AAP PNG Correspondent

The lawyers challenging the constitutionality of the Australian detention centre on Papua New Guinea's Manus Island say they are seeking to invite the asylum seekers there to join the legal action.
One of the lawyers acting on behalf of PNG's opposition leader, Belden Namah, said on Wednesday he had received instructions to ask the asylum seekers to join the application against the centre.
Mr Namah's lawyer, Loami Henao, said they were seeking permission to visit the temporary detention centre on Manus to interview detainees for this purpose.
The lawyers were also seeking a temporary injunction in the Court of Human Rights of the National Court against any further transfers on the grounds the 274 detainees were being held illegally under PNG's constitution.

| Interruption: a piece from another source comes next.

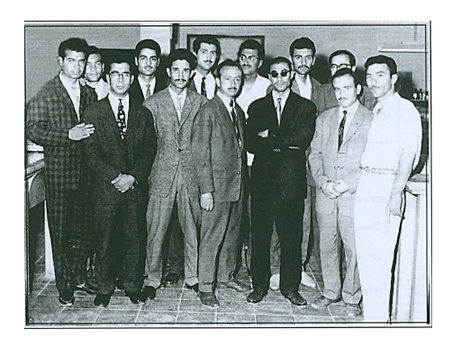
Figure 3. The first group of students who enrolled in the Isfahan University Pharmacy School in 1956.<sup>1</sup>

establishment of Isfahan University and its faculty of pharmacy (chapter 5), the history of students' admission at the higher scientific educational centers in Iran between 1956 and 1980 (chapter 6). The first group of students enrolled at the Isfahan Pharmacy School in 1956 (Figure 3).<sup>1</sup>

Justice David Canning said he would rule on the temporary injunction at 1200 AEDT on Thursday.
The government's lawyer, Peter Kumen, said the Migration Act gave Minister of Immigration Rimbink Pato the power to create a processing centre.
He also argued that the case was a matter for the Supreme Court, and not the National Court circuit.
Justice Canning disagreed.
"These people are detained, aren't they?" Justice Canning asked.
"They can't go to the beach and do a bit of fishing unless they get permission ... they can't just walk out and have a spin around."
"It appears there is in excess of 200 people being detained."
"This is a case where these refugees did not come into the country of their own accord," Mr Henao said on Wednesday.
"They were seeking asylum in another country. They are asylum seekers as far as Australia is concerned.
"They are not asylum seekers as far as PNG is concerned."
The state did not have the right to detain asylum seekers without giving them access to a lawyer of their choosing, Mr Henao added.